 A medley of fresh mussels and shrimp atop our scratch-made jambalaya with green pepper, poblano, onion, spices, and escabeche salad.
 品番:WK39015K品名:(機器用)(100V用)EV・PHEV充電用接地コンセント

==

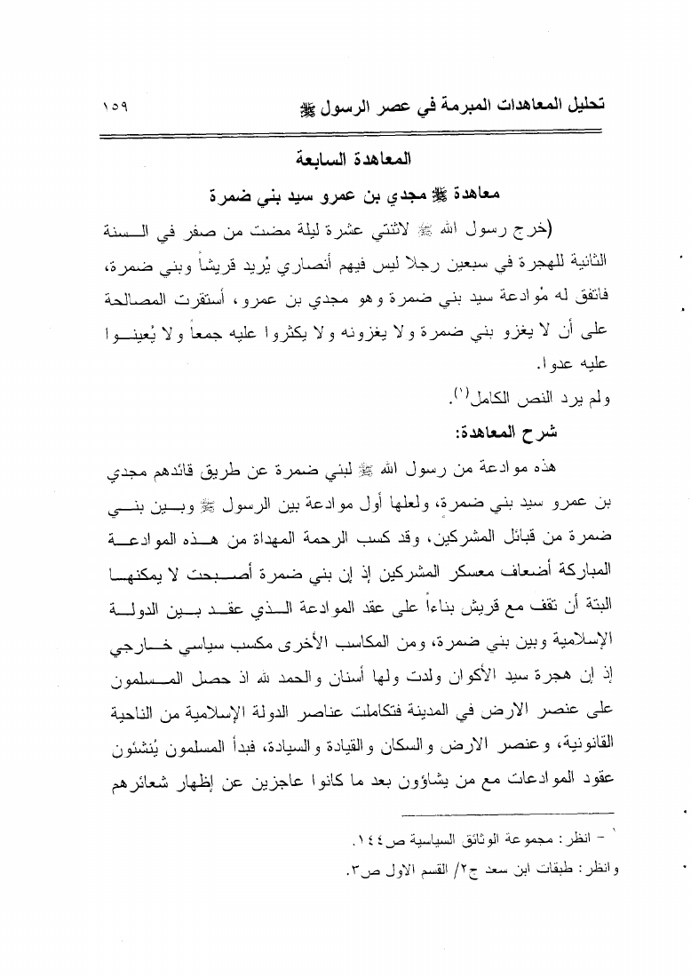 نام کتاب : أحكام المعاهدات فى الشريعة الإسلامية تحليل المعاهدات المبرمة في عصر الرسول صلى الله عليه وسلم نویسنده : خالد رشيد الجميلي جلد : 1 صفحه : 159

## Action item
All lines above from the one containing "A medley of" to the one containing "品番:WK39015K品名:(機器用)(100V用)EV" must be repeated exactly, both lines included, and no others.

## Answer space
 A medley of fresh mussels and shrimp atop our scratch-made jambalaya with green pepper, poblano, onion, spices, and escabeche salad.
 品番:WK39015K品名:(機器用)(100V用)EV・PHEV充電用接地コンセント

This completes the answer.